[Opening Material to process section]

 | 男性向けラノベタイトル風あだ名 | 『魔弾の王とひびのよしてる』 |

[Closing Material to process section]
[Opening Material to process section]

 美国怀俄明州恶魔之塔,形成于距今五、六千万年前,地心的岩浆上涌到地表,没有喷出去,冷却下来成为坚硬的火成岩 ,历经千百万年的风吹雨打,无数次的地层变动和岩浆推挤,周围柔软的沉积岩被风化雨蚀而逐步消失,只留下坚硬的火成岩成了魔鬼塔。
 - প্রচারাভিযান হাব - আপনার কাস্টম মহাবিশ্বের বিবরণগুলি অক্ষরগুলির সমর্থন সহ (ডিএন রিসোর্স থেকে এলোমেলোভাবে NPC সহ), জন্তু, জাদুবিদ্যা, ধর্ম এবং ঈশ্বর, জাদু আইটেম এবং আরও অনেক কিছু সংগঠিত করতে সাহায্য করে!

[Closing Material to process section]
[Opening Material to process section]

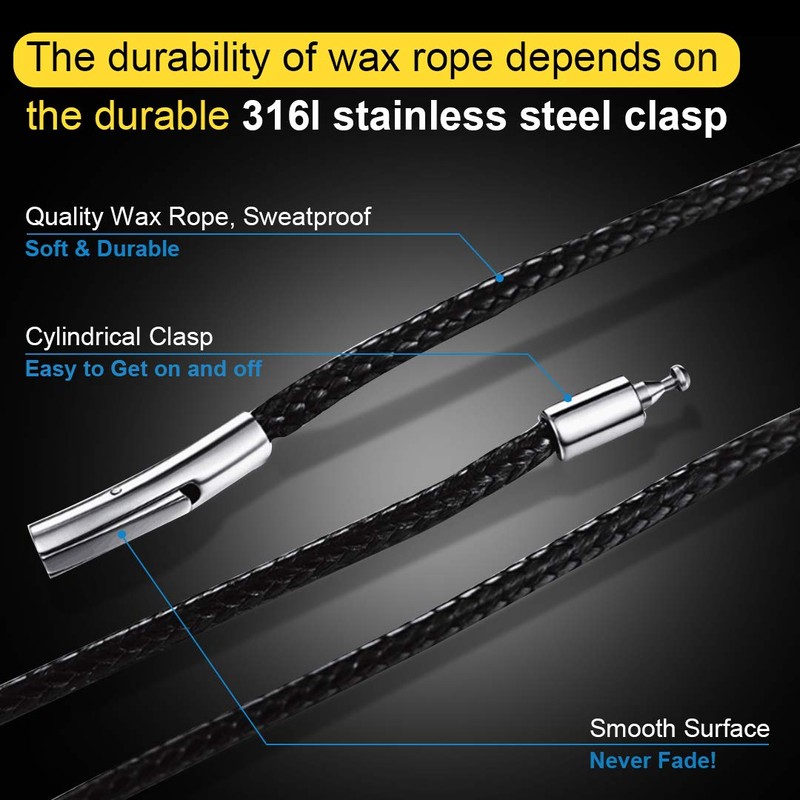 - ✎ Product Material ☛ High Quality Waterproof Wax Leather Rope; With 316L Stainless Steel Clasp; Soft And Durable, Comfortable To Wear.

[Closing Material to process section]

## Assigned task
Would you please copy exactly the part of the entries above that begins at the line containing "美国怀俄明州恶魔之塔,形成于" and ends at the line containing "- প্রচারাভিযান হাব", both lines included?

## Task output
 美国怀俄明州恶魔之塔,形成于距今五、六千万年前,地心的岩浆上涌到地表,没有喷出去,冷却下来成为坚硬的火成岩 ,历经千百万年的风吹雨打,无数次的地层变动和岩浆推挤,周围柔软的沉积岩被风化雨蚀而逐步消失,只留下坚硬的火成岩成了魔鬼塔。
 - প্রচারাভিযান হাব - আপনার কাস্টম মহাবিশ্বের বিবরণগুলি অক্ষরগুলির সমর্থন সহ (ডিএন রিসোর্স থেকে এলোমেলোভাবে NPC সহ), জন্তু, জাদুবিদ্যা, ধর্ম এবং ঈশ্বর, জাদু আইটেম এবং আরও অনেক কিছু সংগঠিত করতে সাহায্য করে!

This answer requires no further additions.